Warmth suffused Cassie, similar to what she’d felt earlier, only not so wild and out of control. Feathers melted away. Her limbs stretched, lengthening as new skin covered them. Between one heartbeat and the next she was back, fully returned to her human form, crouching naked on the floor. 

Tim was there in an instant, wrapping his cape around her bare shoulders. He helped her to her feet.

“Thanks, Traci,” Cassie said, her voice hoarse. Her throat was dry as a bone, and she felt like she’d just sprinted across the desert while carrying the whole Tower on her back. Eddie handed her a water bottle, and she gratefully gulped it down. In the time it took her to finish it, her teammates and the rest looked ready to burst with questions. Tim led the charge, trying and failing to look casual about his best friend turning into a bird. 

“So. You’re a shapeshifter now.”

“Seems so,” Cassie said, flexing her hand. She would never take having fingers for granted again. “That is, if I can get it to work again.”

“I can give you some tips,” Traci said. “It’s not too different from the energy manipulation most magic users wield to transform things, except it’s focused on you and your body, not anything else.”

“I’d really appreciate that.”

“Where’d this power come from? It doesn’t fit with the whole strength-flight-and-lasso theme all you Wonders seem to follow,” Jaime said.

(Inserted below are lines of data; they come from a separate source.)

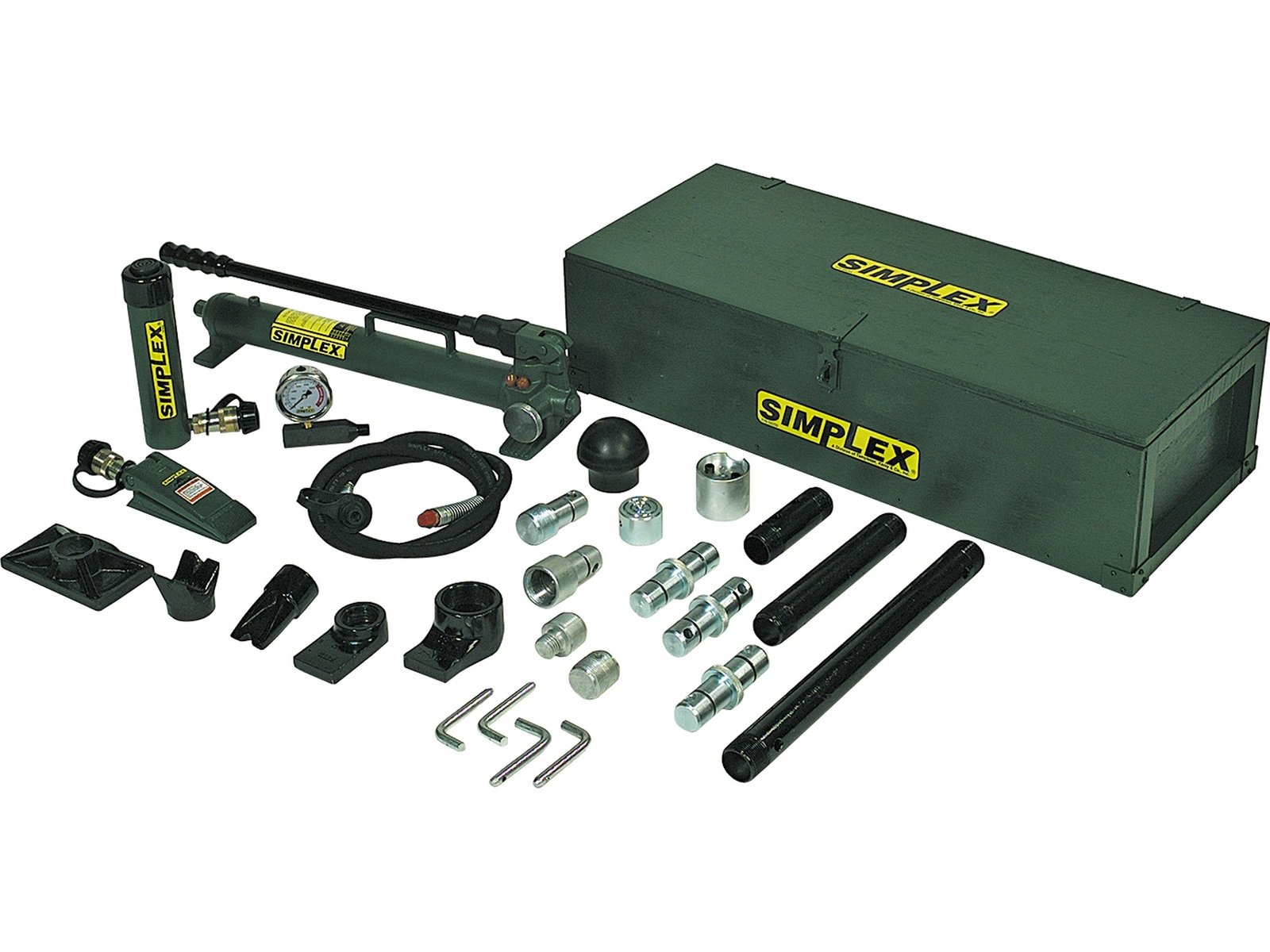 The Enerpac MK106 is a general-purpose hydraulic cylinder and hand pump maintenance set that provides a complete assortment of attachments that greatly expands the range of applications. Using these various attachments allows you to custom-build spreaders, straightening tools, clamps, and a wide variety of problem-solving maintenance tools. R106 is rated at 10 tons at 10,000 psi. When using attachments or extensions, do not exceed a 5,000 psi (5 tons) reading on the gauge. Accessories and extensions are only rated at 5 tons. The S2000A Spreader has an operating capacity of 1 ton. Add a collar toe and a flat base to build a custom spreader or toe jack. Extensions, custom heads, and adapters allow you to create tools that solve hundreds of problems. Simplex MK106 kits are used extensively for collision repair. Add a V-base and a flat base for spreading, holding, and bending jobs.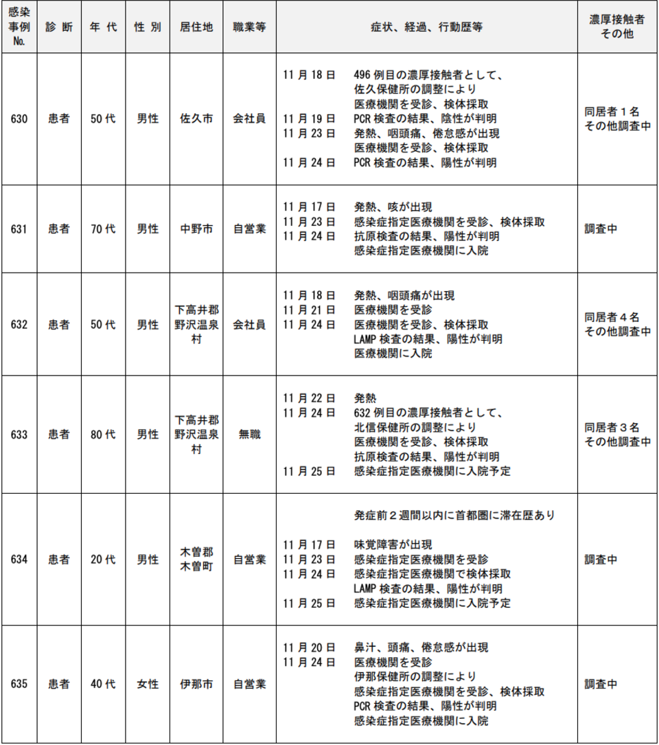 <11/25>長野県内において新型コロナウイルス感染症の感染者(患者等)が6例確認(630~635例目)。県内感染者(患者534例、無症状病原体保有者101例)。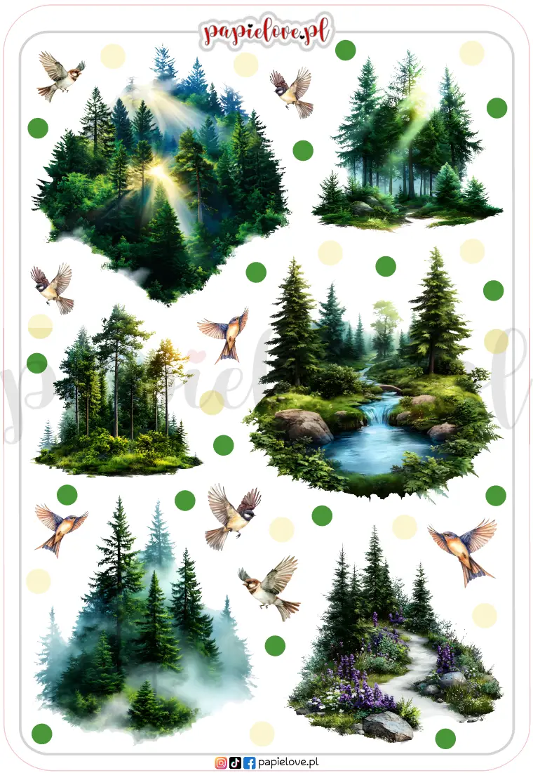 zawiera 6 naklejek z motywem lasu, leśnych ścieżek i rzeki

“I’m pretty sure it’s a demigod thing,” Cassie said. “Zeus can change into different creatures, and since he’s my dad, I guess it’s genetic. I never knew because I never really pushed the limits of what I could do before. I always thought Zeus only gave me strength and flight.” She had never really explored her powers. Never tested how fast she could fly, or tried to reach the upper limit of her strength. They got the job done, and with Artemis’s martial arts training, they got the job done better. She hadn’t once considered the possibility that there might be more to her powerset than strength and flying; that was usually all she needed, even if she did sometimes envy Diana’s supernatural endurance and her other Amazon gifts. Cassie’s lack of imagination had been limiting her this whole time. That needed to change; if this incident proved anything, it was that anything was possible.

“Can you turn into any animal?”

“I don’t know. I guess we’ll see.”

“What I don’t get is why you turned into a swan. Like, of all things.”

“You need to brush up on your mythology, Eddie,” Cassie said. “Zeus frequently turned into animals to avoid Hera’s wrath when he had affairs with mortal women. He turned into a swan to seduce Leda, a Spartan queen. She was Helen of Troy’s mom, and her kids hatched from eggs.” 

“Wait, was he a swan while they…?”

Cassie shrugged. “It’s unclear. The Renaissance artists certainly thought so.” She laughed at the disgusted and fascinated faces around the room. 

“If you can turn into a swan like Zeus could,” Tim said, “then what else can you do?”

Cassie thought of lightning and thunder. Powerful winds and pouring rain. Zeus was the god of the sky, after all.

“I don’t know,” she said. “But I can’t wait to find out.”

Notes:

Headcanon that Cassie has latent shapeshifting abilities, courtesy of her father Zeus. She’s still in the early stages of figuring out all her powers, since she never really considered the possibility that there might be more to her powerset until after she threw off Ares’ influence. Other powers she has the potential to inherit include making lightning bolts and other weather phenomena like rain and tornadoes, and, as it’s implied here, the ability to manipulate and transform matter. Because in terms of classification Cassie changing her lasso's nature and discorporating Lycus aren't too far off from Zeus turning people into cows.